OMB Official Says Evidence Act Implementation Guidance May Come in Early 2021
Two Office of Management and Budget officials discussed the guidance at the first meeting of the Advisory Committee on Data for Evidence Building.
An official from the Office of Management and Budget couldn’t pin down a specific date for the release of implementation guidance required under the Foundations for Evidence-Based Policymaking Act at a meeting for a federal advisory board, but indicated the guidance will be released in the coming months.
OMB’s Shelly Wilkie Martinez briefed members during the first meeting of the Advisory Committee on Data for Evidence Building Friday on the agency’s efforts to implement the Evidence Act. When asked by a committee member when guidance for implementing the Evidence Act would be released, Martinez suggested early 2021.
A recent Government Accountability Office Audit found OMB is behind schedule on releasing some of the required implementation guidance for Title II of the Evidence Act in particular. That portion of the bill—the Open, Public, Electronic, and Necessary Government Data Act—took effect in July 2019. But GAO found OMB still hasn’t released implementation guidance or conducted required reports on agency performance. The first biennial report was due in January of this year.
Martinez said OMB is currently working on this guidance, known as Phase 2 implementation guidance. Martinez indicated at least three regulations and several guidance documents are in the works. She added OMB is also working on Phase 3 regulations, which deal with data access for statistical purposes.
“I am confident that they will all come out for public comment during the life of this committee, I would hope in the front end,” Martinez said. “We are at the moment kind of describing the three regulations as three distinct ones but that will probably go out kind of as a set in early [2021].”

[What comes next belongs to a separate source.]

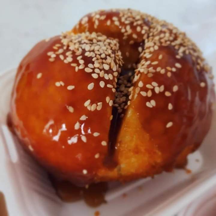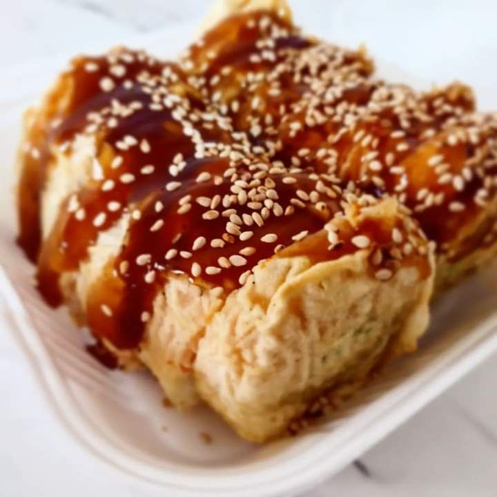 Camarón, surimi, piña en almíbar y tocino, bañado en salsa de anguila y ajonjolí

Dominic Mancini, the deputy administrator of OMB’s Office of Information and Regulatory Affairs and the acting U.S. chief statistician, added the guidance is a “priority” for OMB. Mancini chairs the advisory committee.
“I can guarantee we’re actively working on discussing them internally,” Mancini said.
The COVID-19 pandemic is causing delays, but OMB is working diligently on the guidance, according to a senior administration official.
OMB did not provide comment to GAO regarding the report, which was published earlier this month. The missing guidance is meant to help agencies establish comprehensive data inventories.
The advisory committee meeting was the first in a series of monthly forums where committee members—a mix of federal and state officials as well as professionals from academia and industry—will provide recommendations around data sharing, linkage and privacy techniques in annual reports. The committee is housed under the Commerce Department’s Bureau of Economic Analysis.
The committee is mandated in the Evidence Act, and one of the chief policy recommendations it is set to consider is the idea of a national secure data service. The service idea came out of the Commission on Evidence-Based Policymaking, for which Martinez served as the executive director.
That commission’s report, published in 2017, formed the basis for the Evidence Act. The bill included roughly half the report’s recommendations, but did not include the data service.
Beyond briefings on the Commission’s work and the Evidence Act, the first meeting of the advisory board mostly featured discussion around how the board should proceed. Members, some of whom served on the Commission, discussed subcommittees it may form as well as questions to pose to the public for feedback.
Editor's Note: This story was updated to include a comment from OMB.